TASK MATERIAL Start Marker

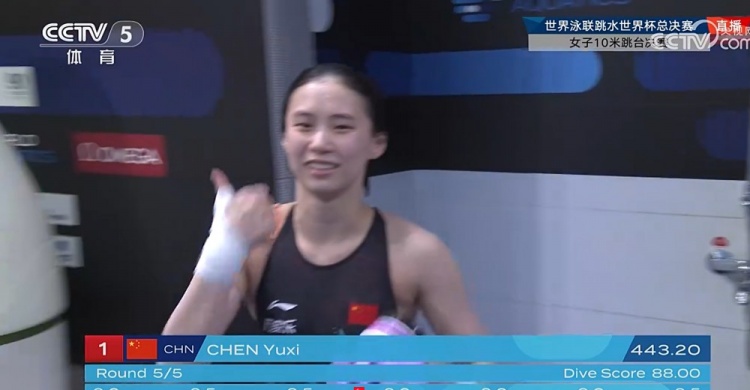 4月21日讯 在刚刚结束的西安跳水世界杯女子10米台决赛中,陈芋汐凭借443.2分拿到冠军,另一位中国选手全红婵第4跳出现比较明显的失误最终410.7分,排名第2。
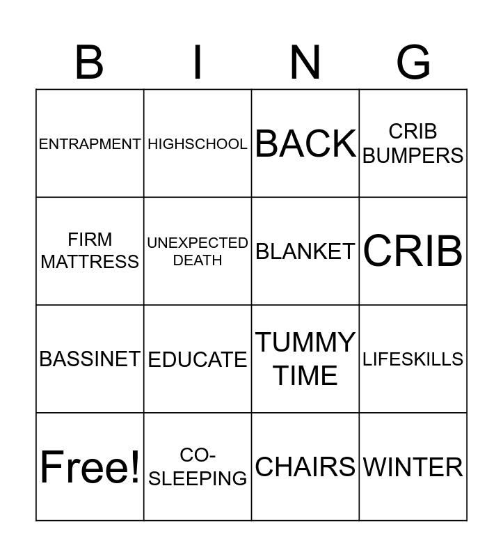 This bingo card has 27 words: Free!, FIRST FAMILY, UNEXPECTED DEATH, PORTABLE PLAYYARD, CRIB BUMPERS, ENTRAPMENT, HIGHSCHOOL, CHAIRS, LIFESKILLS, SMOKING, CO-SLEEPING, BLANKET, CAR SEAT, PILLOWS, EDUCATE, PACIFIER, CRIB, BASSINET, BABY, BACK, WINTER, FALL, VACCINATIONS, TUMMY TIME, ROOM TEMP, FIRM MATTRESS and SIDS.
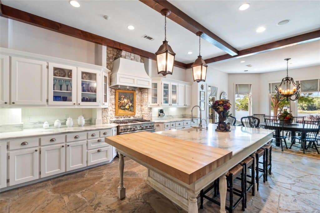 Inside, the home is a showcase of elegance and craftsmanship, including lofty ceilings adorned with intricate wood beams, wood floors, stone-paved floors and accent walls, and two stone fireplaces. The residence offers three living areas and six ensuite bedrooms, providing ample space for relaxation and guests. A vast walk-in attic offers additional storage space and has been pre-plumbed for a bathroom, allowing for the potential of additional living quarters.
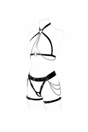 Black Harness Suit Chain Detailed Leather Body Belt - APFT1084
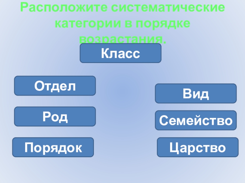 Слайд 15Расположите систематические категории в порядке возрастания.
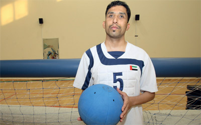 يقضي المواطن الكفيف محمد غريب الحوسني، أكثر من خمس ساعات يومياً في تدريبات متواصلة على لعبة «كرة الجرس»، وهي لعبة أشبه بمباريات كرة القدم، لكنها مخصصة لمتحدي الإعاقة البصرية.
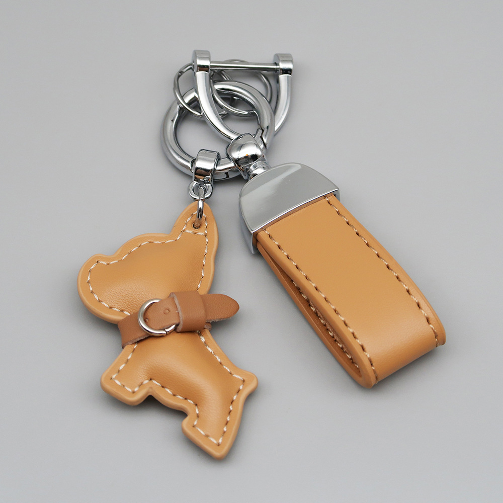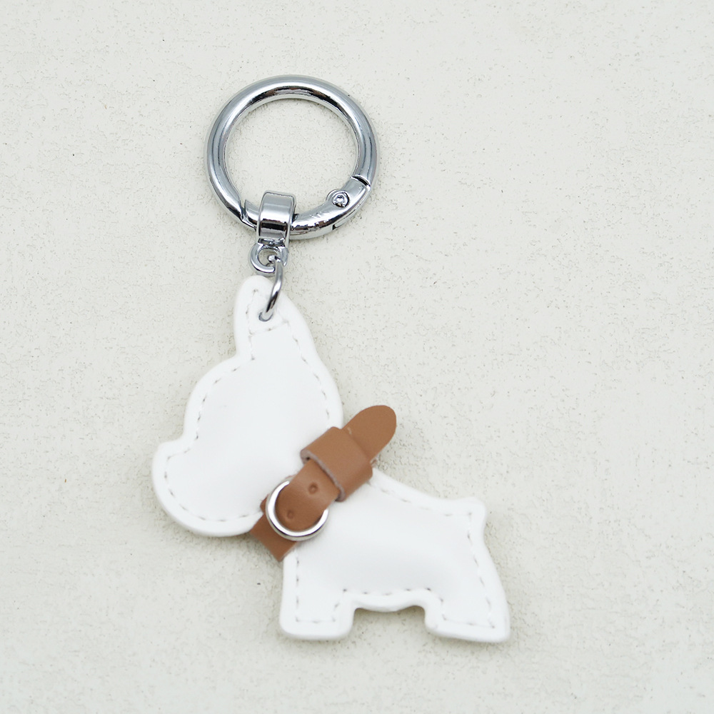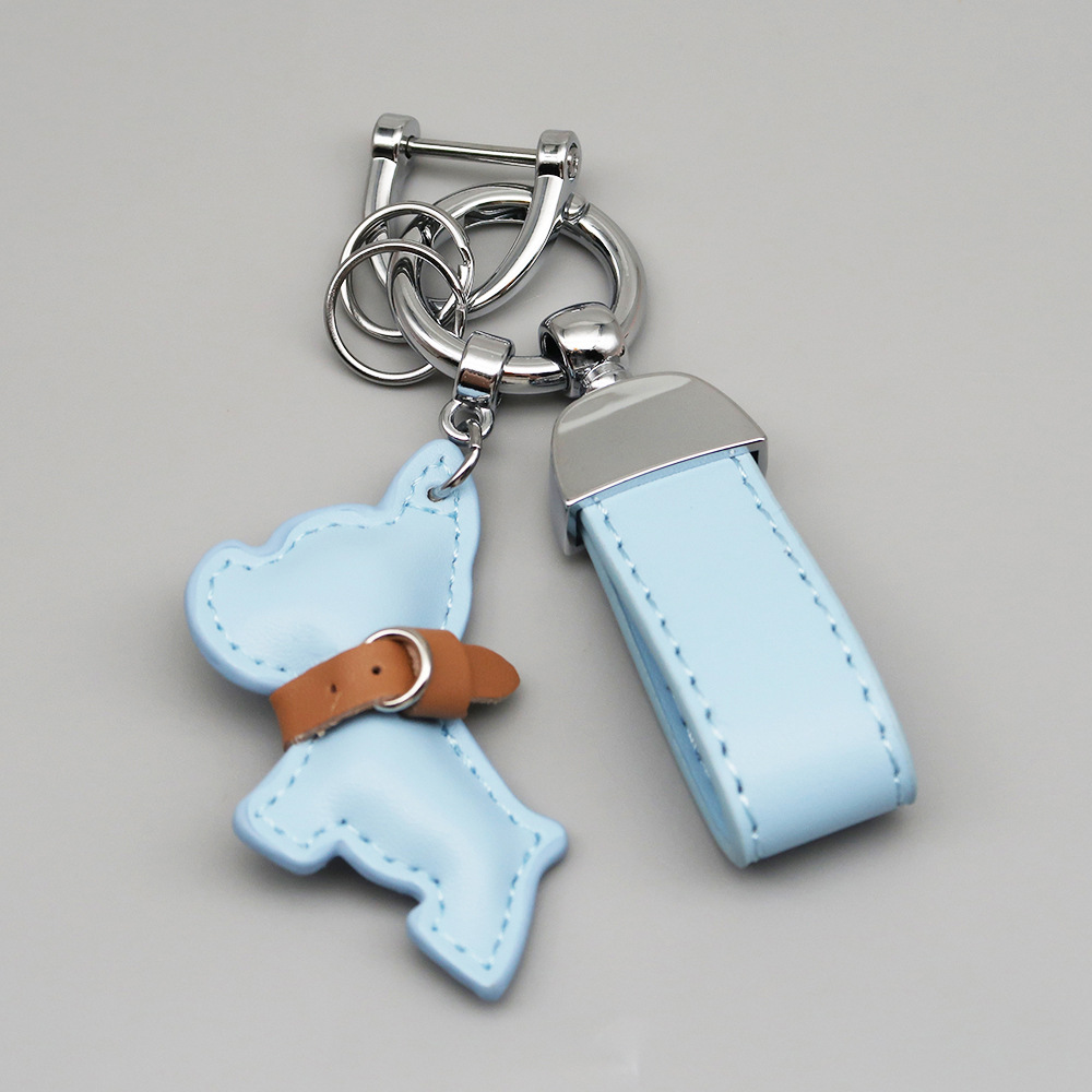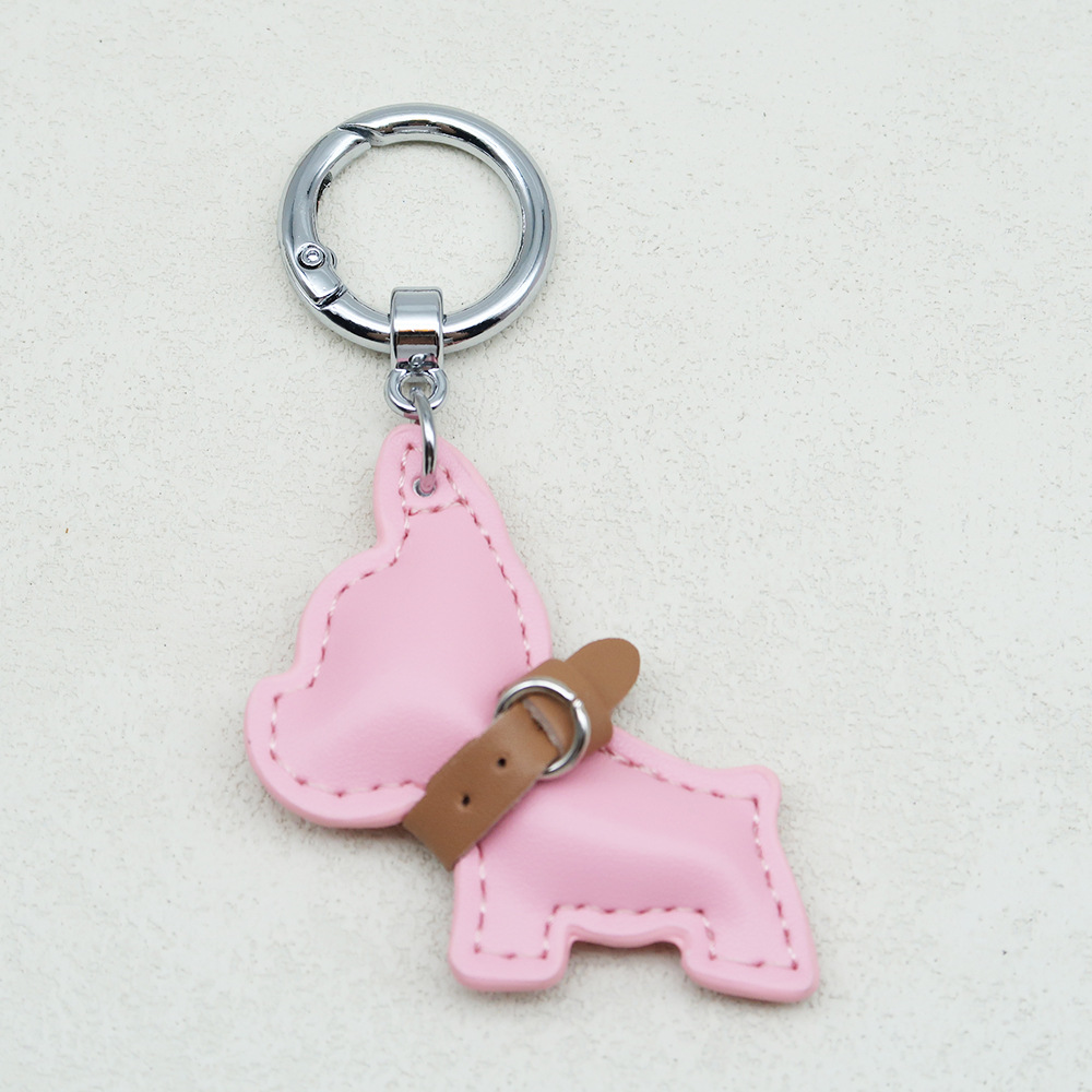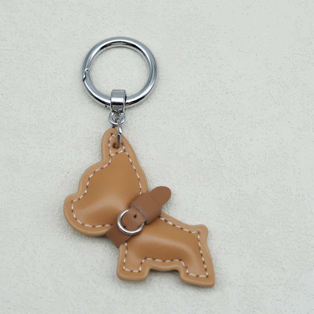 跨境现货迷你法斗狗钥匙扣卡通皮质小狗挂件车钥匙链手机壳配饰
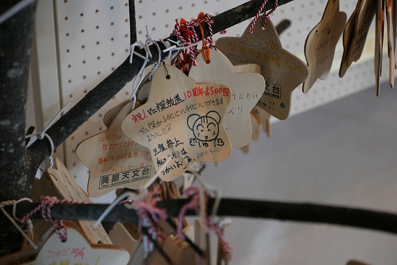 | The "wishing tree" inside Bisei Astronomical Observatory. The star shape ema can be bought in the observatory.
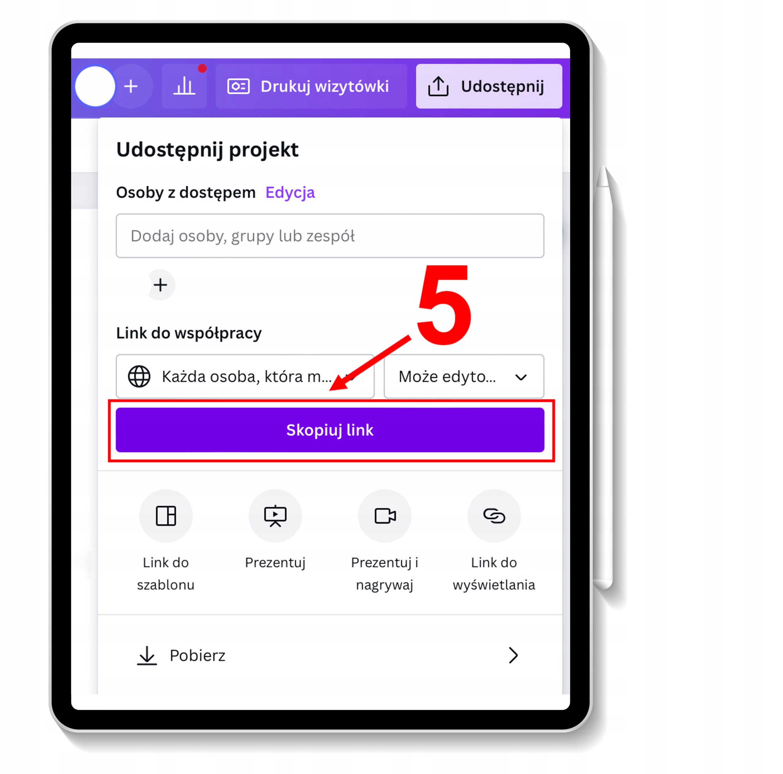 1️⃣ Нажмите кнопку «ПОДЕЛИТЬСЯ» в мастере CANVA (правый верхний угол страницы)
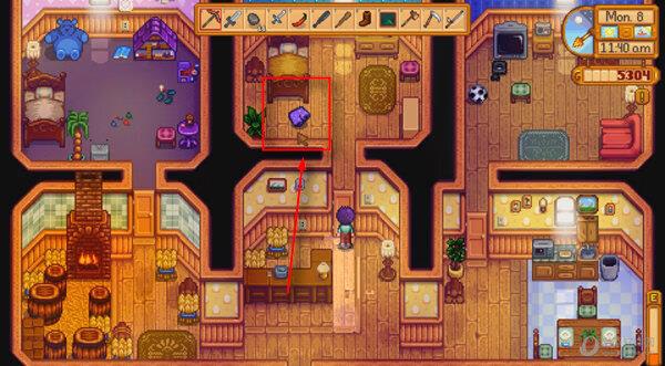 2、短裤的位置就在那个卖动物的NPC的家里,也就是marnie的家里。我们家往下走在卧室里面看到一条紫色短裤,如下图。
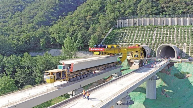 本报讯 (记者 杨光文/图)7月28日,随着架桥机将一孔长32.6米、重431.75吨的箱梁平稳落在西康高铁跨关中环线立交特大桥墩台上,由西成客专陕西公司建设、中铁一局集团有限公司承建的西康高铁桥梁架设任务全部完成,为后续无砟轨道施工奠定了坚实基础。
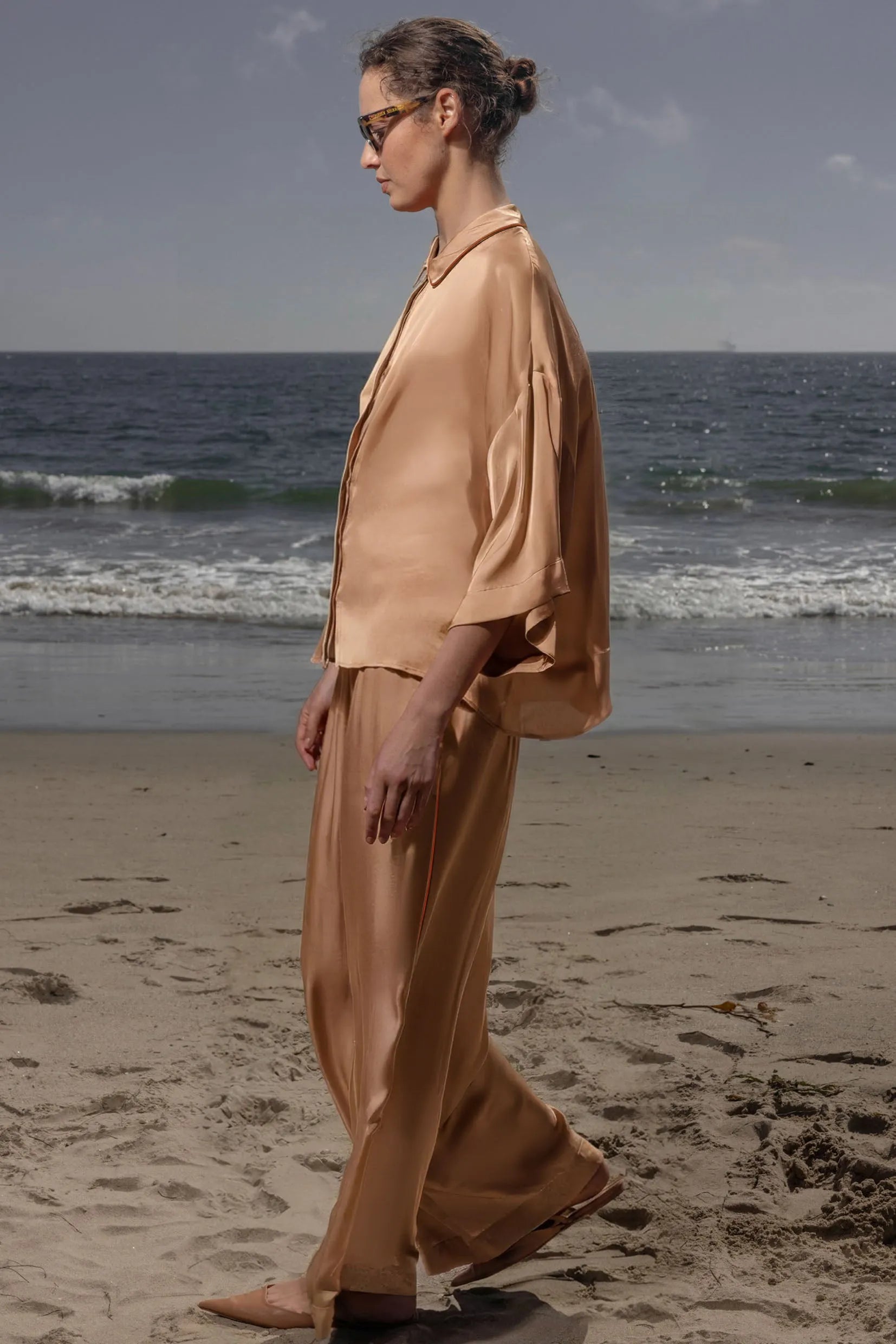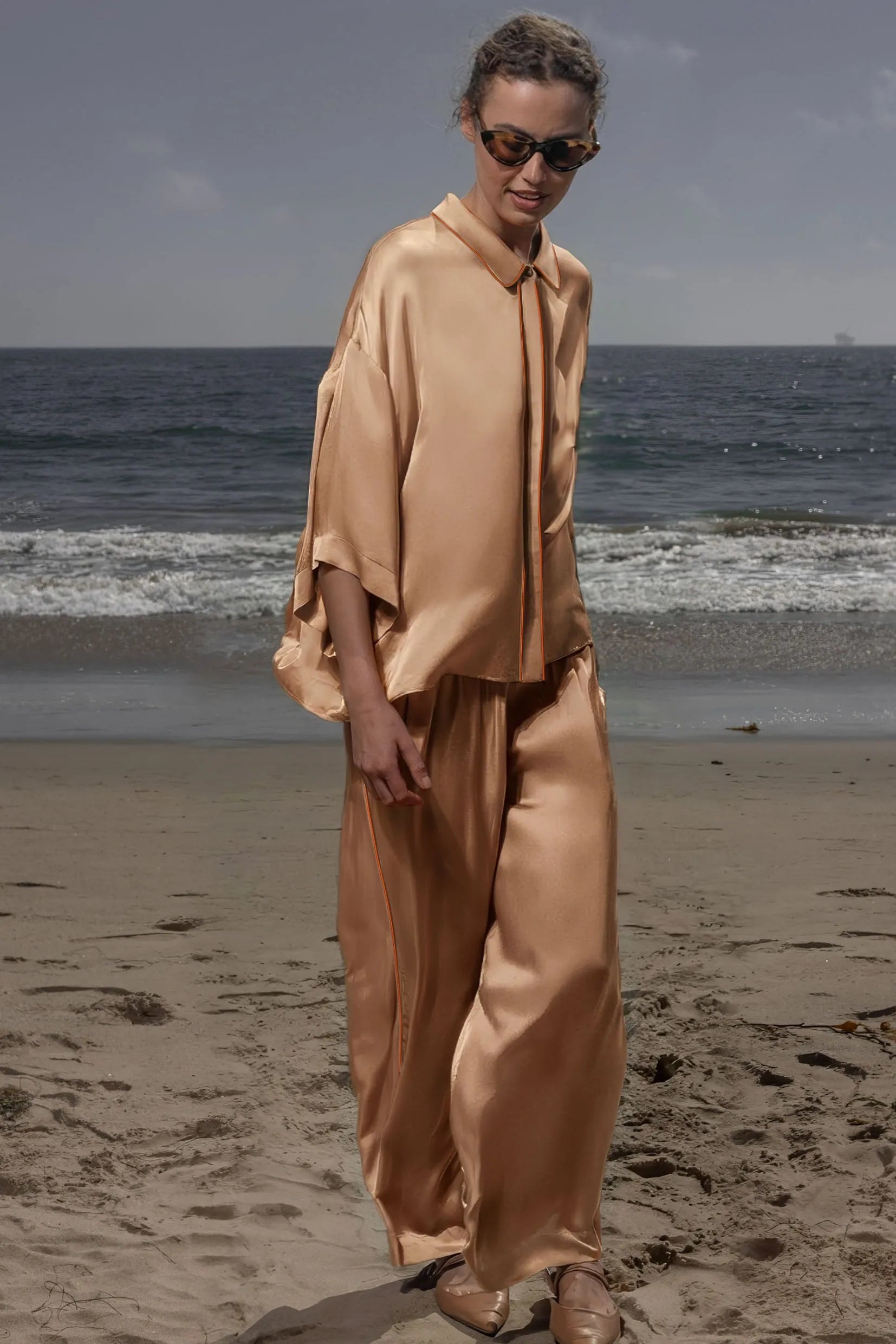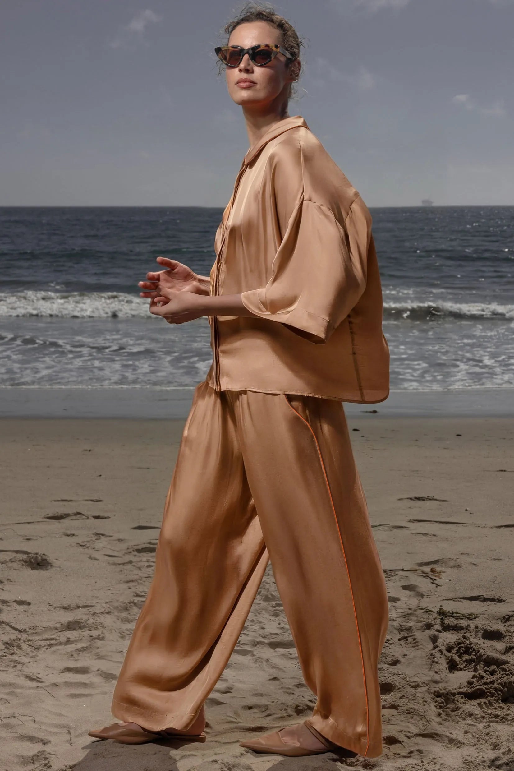 The Evening Out PJ Top is a modern, minimalist take on classic sleepwear, designed in fluid viscose satin that catches the light beautifully. The silhouette is intentionally boxy with clean lines, creating a refined balance between structure and drape. A small shirt collar and covered placket keep the look quiet and sophisticated, while the contrast piping adds a polished touch.

TASK MATERIAL End Marker

*EXERCISE PROMPT:* Every line above should be transcribed exactly, though no image should be carried over.

*ANSWER SPACE:*
 4月21日讯 在刚刚结束的西安跳水世界杯女子10米台决赛中,陈芋汐凭借443.2分拿到冠军,另一位中国选手全红婵第4跳出现比较明显的失误最终410.7分,排名第2。
 This bingo card has 27 words: Free!, FIRST FAMILY, UNEXPECTED DEATH, PORTABLE PLAYYARD, CRIB BUMPERS, ENTRAPMENT, HIGHSCHOOL, CHAIRS, LIFESKILLS, SMOKING, CO-SLEEPING, BLANKET, CAR SEAT, PILLOWS, EDUCATE, PACIFIER, CRIB, BASSINET, BABY, BACK, WINTER, FALL, VACCINATIONS, TUMMY TIME, ROOM TEMP, FIRM MATTRESS and SIDS.
 Inside, the home is a showcase of elegance and craftsmanship, including lofty ceilings adorned with intricate wood beams, wood floors, stone-paved floors and accent walls, and two stone fireplaces. The residence offers three living areas and six ensuite bedrooms, providing ample space for relaxation and guests. A vast walk-in attic offers additional storage space and has been pre-plumbed for a bathroom, allowing for the potential of additional living quarters.
 Black Harness Suit Chain Detailed Leather Body Belt - APFT1084
 Слайд 15Расположите систематические категории в порядке возрастания.
 يقضي المواطن الكفيف محمد غريب الحوسني، أكثر من خمس ساعات يومياً في تدريبات متواصلة على لعبة «كرة الجرس»، وهي لعبة أشبه بمباريات كرة القدم، لكنها مخصصة لمتحدي الإعاقة البصرية.
 跨境现货迷你法斗狗钥匙扣卡通皮质小狗挂件车钥匙链手机壳配饰
 | The "wishing tree" inside Bisei Astronomical Observatory. The star shape ema can be bought in the observatory.
 1️⃣ Нажмите кнопку «ПОДЕЛИТЬСЯ» в мастере CANVA (правый верхний угол страницы)
 2、短裤的位置就在那个卖动物的NPC的家里,也就是marnie的家里。我们家往下走在卧室里面看到一条紫色短裤,如下图。
 本报讯 (记者 杨光文/图)7月28日,随着架桥机将一孔长32.6米、重431.75吨的箱梁平稳落在西康高铁跨关中环线立交特大桥墩台上,由西成客专陕西公司建设、中铁一局集团有限公司承建的西康高铁桥梁架设任务全部完成,为后续无砟轨道施工奠定了坚实基础。
 The Evening Out PJ Top is a modern, minimalist take on classic sleepwear, designed in fluid viscose satin that catches the light beautifully. The silhouette is intentionally boxy with clean lines, creating a refined balance between structure and drape. A small shirt collar and covered placket keep the look quiet and sophisticated, while the contrast piping adds a polished touch.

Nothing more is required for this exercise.